22Die Beschwerde ist innerhalb eines Monats nach Bekanntgabe der Entscheidung zu begründen. Die Begründung ist, sofern sie nicht bereits mit der Beschwerde vorgelegt worden ist, bei dem Oberverwaltungsgericht für das Land Nordrhein-Westfalen (Aegidiikirchplatz 5, 48143 Münster oder Postfach 6309, 48033 Münster) schriftlich einzureichen. Sie muss einen bestimmten Antrag enthalten, die Gründe darlegen, aus denen die Entscheidung abzuändern oder aufzuheben ist, und sich mit der angefochtenen Entscheidung auseinandersetzen. Das Oberverwaltungsgericht prüft nur die dargelegten Gründe.
23Die Beschwerdeschrift und die Beschwerdebegründungsschrift sind durch einen Prozessbevollmächtigten einzureichen. Im Beschwerdeverfahren müssen sich die Beteiligten durch Prozessbevollmächtigte vertreten lassen. Dies gilt auch für Prozesshandlungen, durch die das Verfahren eingeleitet wird. Die Beteiligten können sich durch einen Rechtsanwalt oder einen Rechtslehrer an einer staatlichen oder staatlich anerkannten Hochschule eines Mitgliedstaates der Europäischen Union, eines anderen Vertragsstaates des Abkommens über den europäischen Wirtschaftsraum oder der Schweiz, der die Befähigung zum Richteramt besitzt, als Bevollmächtigten vertreten lassen. Auf die zusätzlichen Vertretungsmöglichkeiten für Behörden und juristische Personen des öffentlichen Rechts einschließlich der von ihnen zur Erfüllung ihrer öffentlichen Aufgaben gebildeten Zusammenschlüsse wird hingewiesen (vgl. § 67 Abs. 4 Satz 4 VwGO und § 5 Nr. 6 des Einführungsgesetzes zum Rechtsdienstleistungsgesetz – RDGEG –).
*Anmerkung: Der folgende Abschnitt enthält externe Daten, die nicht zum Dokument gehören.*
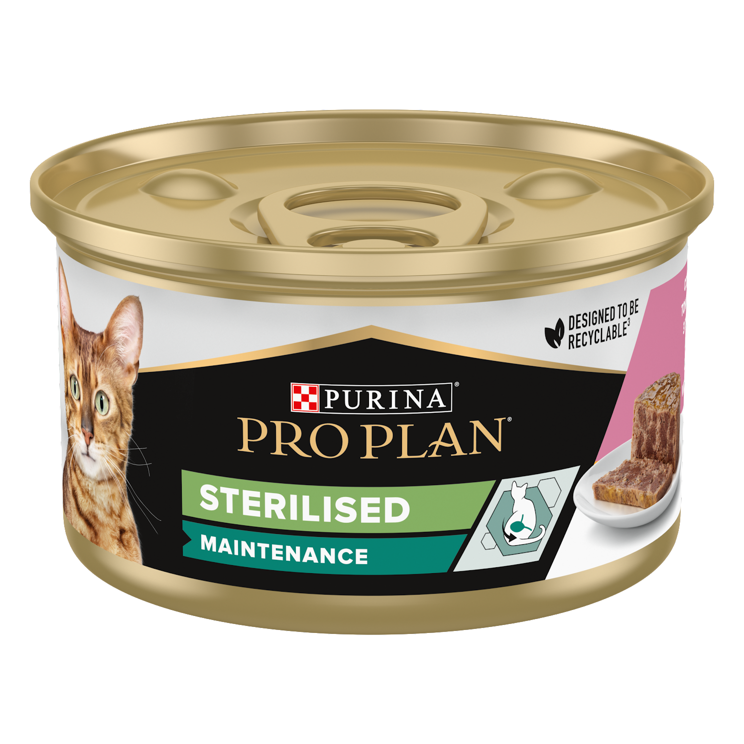 Полнорационный влажный корм с кусочками тунца и лосося в паштете для взрослых стерилизованных кошек. Представляет собой сбалансированный рацион, обеспечивающий организм питомца необходимыми питательными веществами.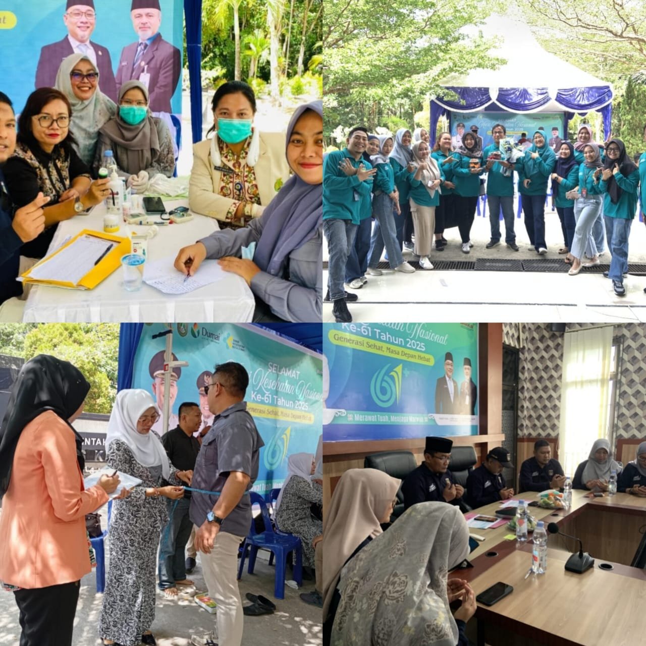 Dalam rangka memperingati Hari Kesehatan Nasional (HKN) ke-61 Tahun 2025, Dinas Kesehatan Kota Dumai menyelenggarakan kegiatan Pemeriksaan/ Cek Kesehatan Gratis ( CKG ) bagi masyarakat serta seluruh pegawai di lingkungan perkantoran Walikota Dumai .

Darüber hinaus sind die in § 67 Abs. 2 Satz 2 Nr. 3 bis 7 VwGO bezeichneten Personen und Organisationen unter den dort genannten Voraussetzungen als Bevollmächtigte zugelassen.
24Die Beschwerdeschrift und die Beschwerdebegründungsschrift sollen möglichst zweifach eingereicht werden. Im Fall der Einreichung als elektronisches Dokument bedarf es keiner Abschriften.
25(2) Gegen den Streitwertbeschluss kann schriftlich oder zur Niederschrift des Urkundsbeamten der Geschäftsstelle bei dem Verwaltungsgericht Düsseldorf (Bastionstraße 39, 40213 Düsseldorf oder Postfach 20 08 60, 40105 Düsseldorf) Beschwerde eingelegt werden, über die das Oberverwaltungsgericht für das Land Nordrhein-Westfalen in Münster entscheidet, falls ihr nicht abgeholfen wird. § 129a der Zivilprozessordnung gilt entsprechend.
26Auf die seit dem 1. Januar 2022 unter anderem für Rechtsanwälte, Behörden und juristische Personen des öffentlichen Rechts geltende Pflicht zur Übermittlung als elektronisches Dokument nach Maßgabe der §§ 55a, 55d Verwaltungsgerichtsordnung – VwGO – und der Verordnung über die technischen Rahmenbedingungen des elektronischen Rechtsverkehrs und über das besondere elektronische Behördenpostfach (Elektronischer-Rechtsverkehr-Verordnung – ERVV –) wird hingewiesen.
27Die Beschwerde ist nur zulässig, wenn sie innerhalb von sechs Monaten eingelegt wird, nachdem die Entscheidung in der Hauptsache Rechtskraft erlangt oder das Verfahren sich anderweitig erledigt hat; ist der Streitwert später als einen Monat vor Ablauf dieser Frist festgesetzt worden, so kann sie noch innerhalb eines Monats nach Zustellung oder formloser Mitteilung des Festsetzungsbeschlusses eingelegt werden.
28Die Beschwerde ist nicht gegeben, wenn der Wert des Beschwerdegegenstandes 200,-- Euro nicht übersteigt.
29Die Beschwerdeschrift soll möglichst zweifach eingereicht werden. Im Fall der Einreichung als elektronisches Dokument bedarf es keiner Abschriften.
30War der Beschwerdeführer ohne sein Verschulden verhindert, die Frist einzuhalten, ist ihm auf Antrag von dem Gericht, das über die Beschwerde zu entscheiden hat, Wiedereinsetzung in den vorigen Stand zu gewähren, wenn er die Beschwerde binnen zwei Wochen nach der Beseitigung des Hindernisses einlegt und die Tatsachen, welche die Wiedereinsetzung begründen, glaubhaft macht. Nach Ablauf eines Jahres, von dem Ende der versäumten Frist angerechnet, kann die Wiedereinsetzung nicht mehr beantragt werden.